Heightened debate on the death penalty found a platform at a university campus last week when two Christian professors argued over its tradition, morality and the ultimate meaning of justice.
University of Colorado’s professor E. Christian Kopff argued the United States should support the death penalty while Msgr. Stuart Swetland of Mount St. Mary’s University in Maryland argued for abolition.
The two professors rallied before students and residents on the Boulder campus Jan. 31 for the annual Great Debate, hosted by the Aquinas Institute for Catholic Thought.
Kopff, who’s written a book about America’s need for classical tradition, argued for the death penalty based on the extensive history of cultures and Christian thinkers who supported it.
“The widespread acceptance of capital punishment … in so many different cultures and nations is a solid argument in its favor,” he said.
In Western tradition, he mentioned ancient Jews, Greeks and Romans who acknowledged the right to capital punishment. The Church’s Council of Trent and leading Christians like Pope Pius XII, St. Augustine and St. Thomas Aquinas all wrote in favor of it, even using logical arguments not based on tradition, he said.
Ignoring these traditions, Kopff said, would be foolish.
“There are more reasons for widespread traditions, cultural and universal, that contain richer stores of information than any one person or nation or age can grasp,” he told the crowd. “No one can foresee the unintended consequences of eliminating them.”
Msgr. Swetland agreed with Kopff’s recitation of historical and Christian support for capital punishment but said there are many reasons against it.
He listed the nations that like the United States employ the death penalty—including China, Iran, Yemen and North Korea—which puts the nation “in bad company,” he said.
Furthermore, statistically it does not deter crime nor is it applied fairly or justly, he argued, citing that 42 percent of those on death row are African American even though the ethnic group comprises 13 percent of the nation’s population.
Msgr.

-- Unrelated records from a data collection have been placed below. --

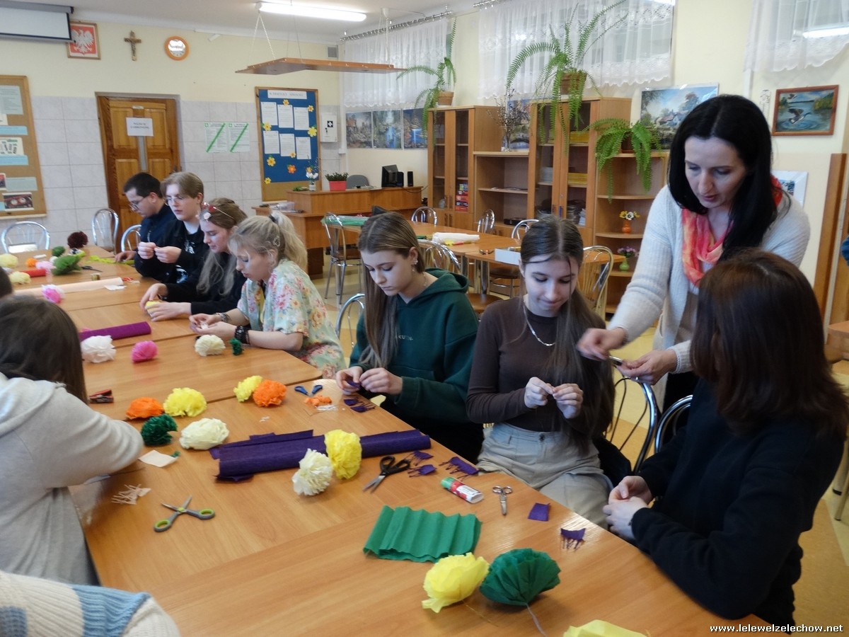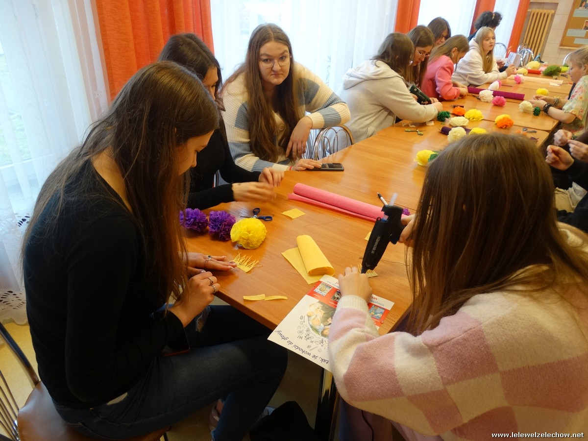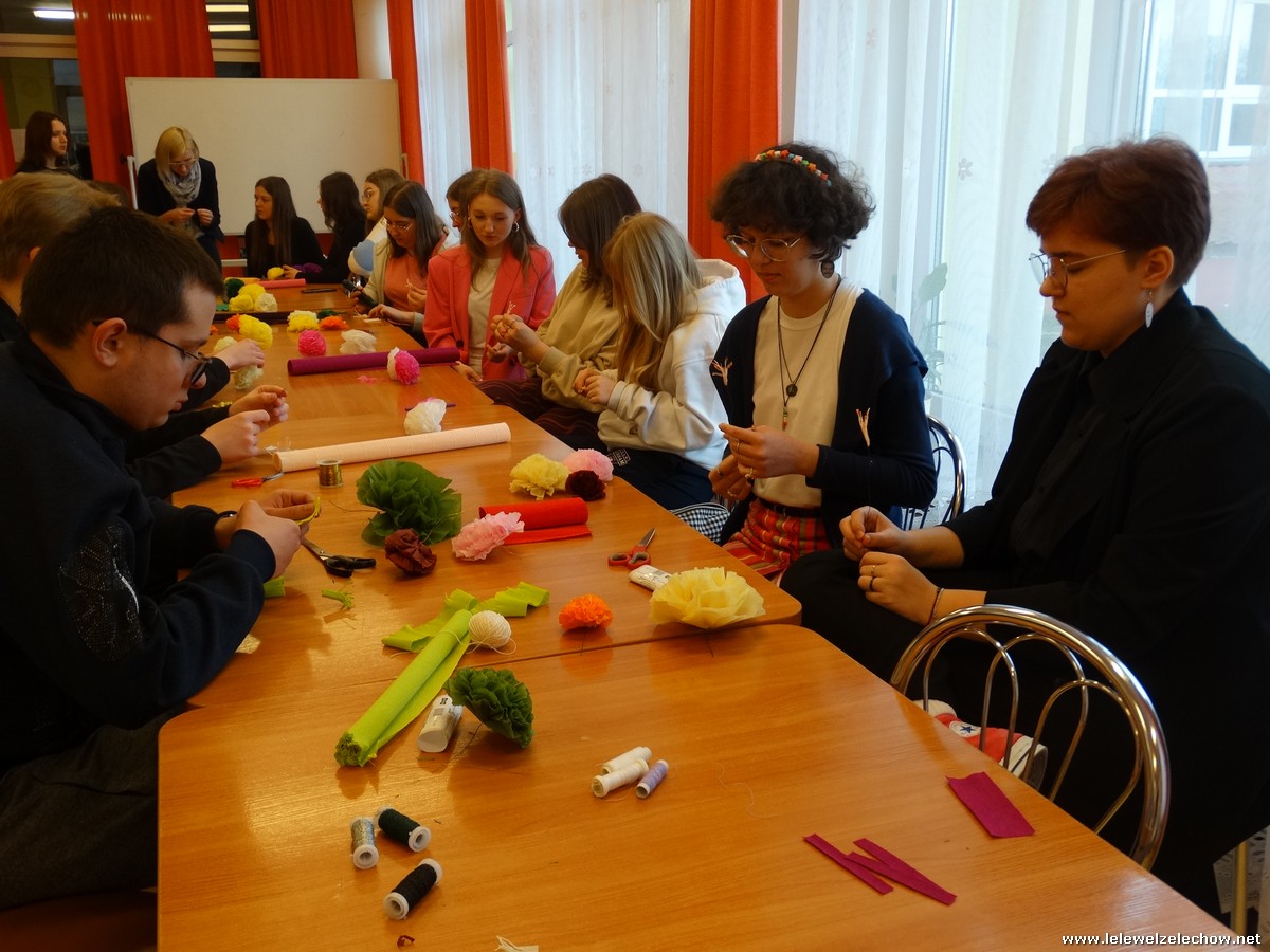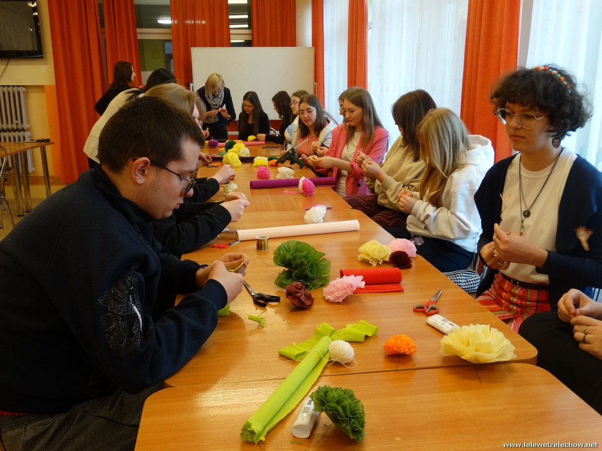 Pierwszy Dzień Wiosny w naszej szkole to także nietypowe zajęcia. Nauczyciele oraz uczniowie organizowali różne aktywności, odmienne od tych realizowanych na codzień w ramach standardowych lekcji. W świetlicy szkolnej odbywały się warsztaty bibułkarskie. Uczniowie tworzyli piękne wiosenne kwiaty i palmy. Część osób skusiła się na warsztaty malarskie, które poprowadziła uczennica klasy 3b - Amelia. Na zajęciach z historii uczniowie klasy 1a przypisywali własne teksty znanym z dziejów najnowszych postaciom a uczennice klasy 2b tworzyły pierwsze strony ,,brukowej” prasy poświęcone bohaterom nowożytności. W szkole i na terenie przyszkolnym odbywały się bardzo emocjonujące podchody, które zorganizowała i przeprowadziła dla pozostałych uczniów klasa 1a. Zwieńczeniem Dnia Wiosny były rozgrywki w piłkę nożną chłopców na boisku “Orlik”.
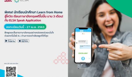 นักเรียนนักศึกษา SEAC ส่งแคมเปญให้เด็กไทยฝึกภาษาอังกฤษฟรี! ผ่านสุดยอด AI แอพพลิเคชั่น “ELSA Speak” Upskill ต่อเนื่องท่ามกลางสถานการณ์ COVID-19 EZ Webmaster April 7, 2020 SEAC (เอสอีเอซี) ศูนย์พัฒนาและส่งเสริมการเรียนรู้ตลอดชีวิตแห่งภูมิภาคอาเซียน เดินหน้าตอกย้ำพันธกิจ EMPOWER LIVING เติมเต็มทุกเป้าหมายของการใช้ชีวิตให้สมบูรณ์แบบผ่านการเรียนรู้และพัฒนาอย่างต่อเนื่องตลอดชีวิต ผนึก ELSA สตาร์ทอัพชื่อดังจากซิลิคอน แวลลีย์ ผู้คิดค้น ELSA Speak สุดยอด AI แอพพลิเคชั่นฝึกการพูดภาษาอังกฤษ ส่งแคมเปญเพื่อสังคมให้นักเรียนระดับชั้นประถมศึกษาปีที่ 1 จนถึงนิสิต นักศึกษาระดับปริญญาตรี Upskill เรียนภาษาอังกฤษฟรี 3 เดือน ส่งตรงกว่า 1600+ บทเรียนการฝึกออกเสียงภาษาอังกฤษ เพื่อกระตุ้นเด็กไทยเรียนรู้อย่างต่อเนื่องภายใต้สถานการณ์ COVID-19 นางอริญญา เถลิงศรี กรรมการผู้จัดการ SEAC (Southeast Asia Center) ศูนย์พัฒนาและส่งเสริมการเรียนรู้ตลอดชีวิตแห่งภูมิภาคอาเซียน กล่าวว่า “SEAC เชื่อมั่นในเรื่องการเรียนรู้ตลอดชีวิตมาโดยตลอด…
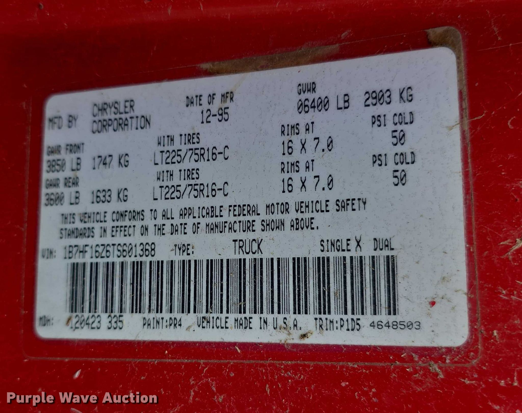 - VIN: 1B7HF16Z6TS601368
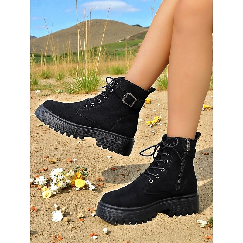This Women's Brown Lace-Up Combat Boots with Faux Fur Lined and Buckle Strap, Chunky Non-Slip Sole, Casual Faux Suede Ankle Boots for City Nomadic Style Outfits and Winter Casual Wear combines elegant design with practical functionality. Every detail has been carefully considered to ensure you get the best possible experience. The magnificent construction means this product will serve you well for years to come.
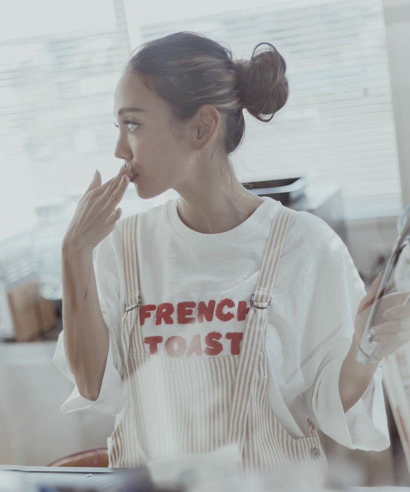サーファーガールの好きな食べ物を立体的な相良刺繍で表現。スラブ生地の風合いと刺繍の立体感が可愛い!
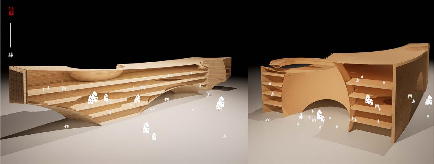 The spatial sequence of the building constructs a cognitive path from the city plaza through a public memory space to areas for reading and research, culminating in the archive core and extending to a rooftop city view. This progression organises experience from collective urban space to concentrated knowledge and back to an elevated perception of the city, framing a transition from city to memory, from memory to cognition, and ultimately returning to the city.

Swetland also argued the death penalty has taken innocent lives and is more expensive than alternatives.
Yet, even if these reasons were ignored or reformed, he said, “It’s morally wrong to intend the death of someone.”
The death penalty is not akin to a soldier or police officer’s intent to stop a violent act and protect the innocent from harm.
“The difference in the intent of the executions is that at the end of the procedure, there is a cadaver,” he said. “(A death) should only be accepted as a side consequence. It never ought to be intended.”
Kopff replied that the underlying issue to the question is justice.
He quoted the Catechism of the Catholic Church, which states killing is morally justifiable if done in self-defense. But this reasoning applies to private citizens, not to the state, whose function it is to defend the common good, he argued.
“To say the state can only use it in self-defense like an individual can use it in self-defense is to do in one of the greatest contributions Christianity ever made to the secular world, which is the idea of two kingdoms, the separation of Church and state,” Kopff said.
Msgr. Swetland acknowledged a society’s need for justice, understood as retribution.
“Ultimately, I don’t think it is about justice,” he said. “It’s about mercy.”
He said that justice is rather rightly understood as fidelity to relationships. People live in relationship with everyone, who is considered a brother or sister in Christ, he said.
The death penalty should be abolished because “mercy is the justice of the kingdom,” Msgr. Swetland concluded, adding, “and authentic justice is fidelity to relationships, meaning we never give up even on the most hardened of sinners.”